An important research topic of the recent years has been to understand and analyze data collections for clustering and classification applications. In many data analysis problems, the data sets at hand have an intrinsically low-dimensional structure and admit a manifold model. Most state-of-the-art clustering methods developed for data of non-linear and low-dimensional structure are based on local linearity assumptions. However, clustering algorithms based on locally linear representations can tolerate difficult sampling conditions only to some extent, and may fail for scarcely sampled data manifolds or at high-curvature regions.
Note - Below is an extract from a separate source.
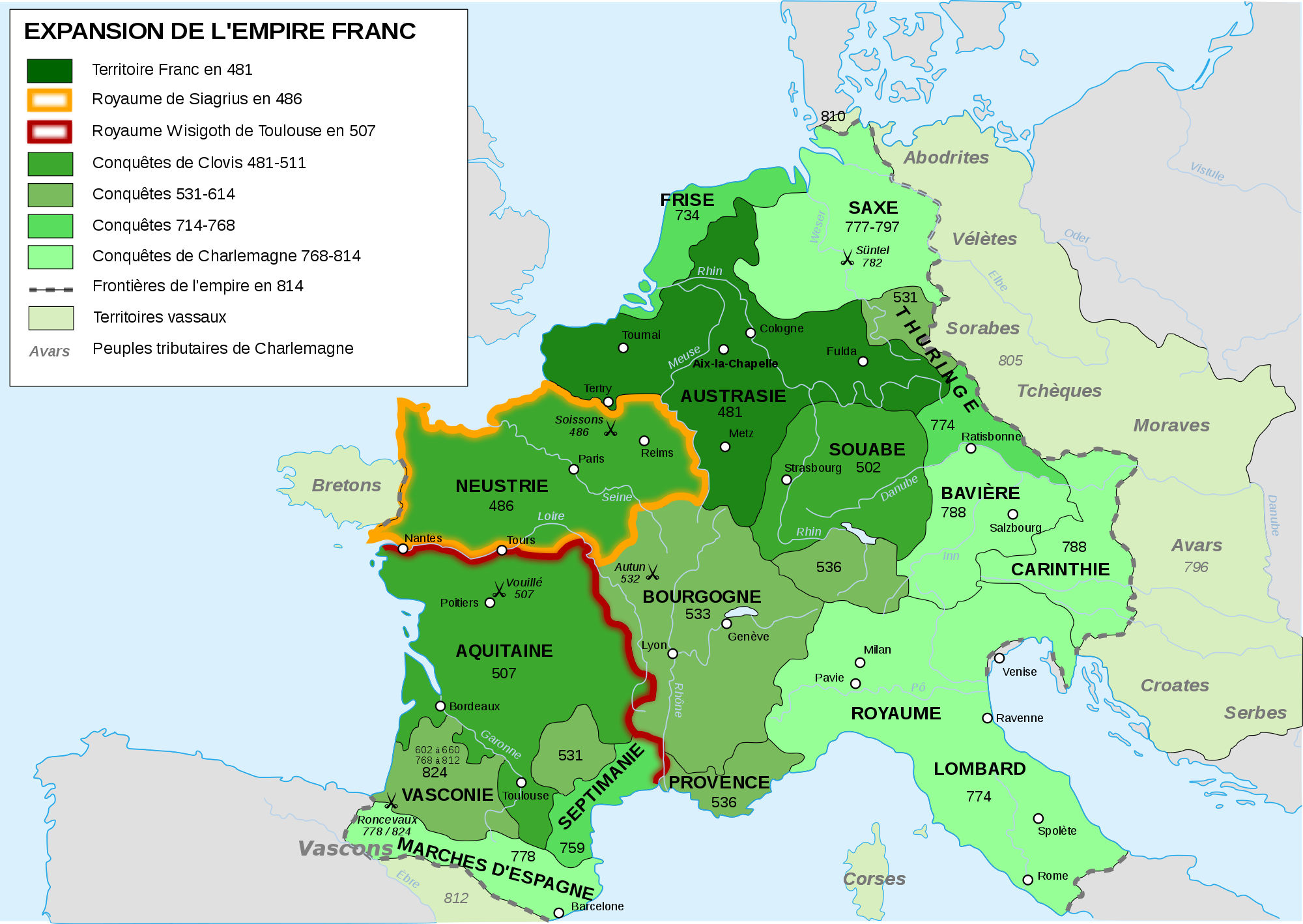 L’histoire de Dame Carcas est une légende. Comme dans toute légende, il existe une part de réalité. Carcassonne a bien été aux mains des Sarrasins entre 725 et 759. Comme tu peux le constater sur la carte, la région de la Septimanie a été totalement sous contrôle en 759. Elle a été conquise par le père de Charlemagne, Pépin Le Bref, et non pas par Charlemagne lui-même (qui avait à ce moment-là seulement 17 ans).

In this thesis, we consider a setting where each cluster is concentrated around a manifold and propose a manifold clustering algorithm that relies on the observation that the variation of the tangent space must be consistent along curves over the same data manifold. We argue that the non linear geometric structure of manifold-modeled data sets can be better handled by taking into account the global data geometry via the change in the tangent space over the whole manifold. We first theoretically characterize some properties of manifolds of bounded curvature. We then use these observations to develop a geometry-based clustering approach. Finally, we evaluate the performance of the presented method with experiments on synthetic and real data sets and the results show that the proposed method outperforms the manifold clustering algorithms in comparison based on Euclidean distance, geodesic distance and sparse representations in some kind of data sets. Our study suggests that geometry-based dissimilarity measures can provide promising tools for the clustering of intrinsically low dimensional data sets.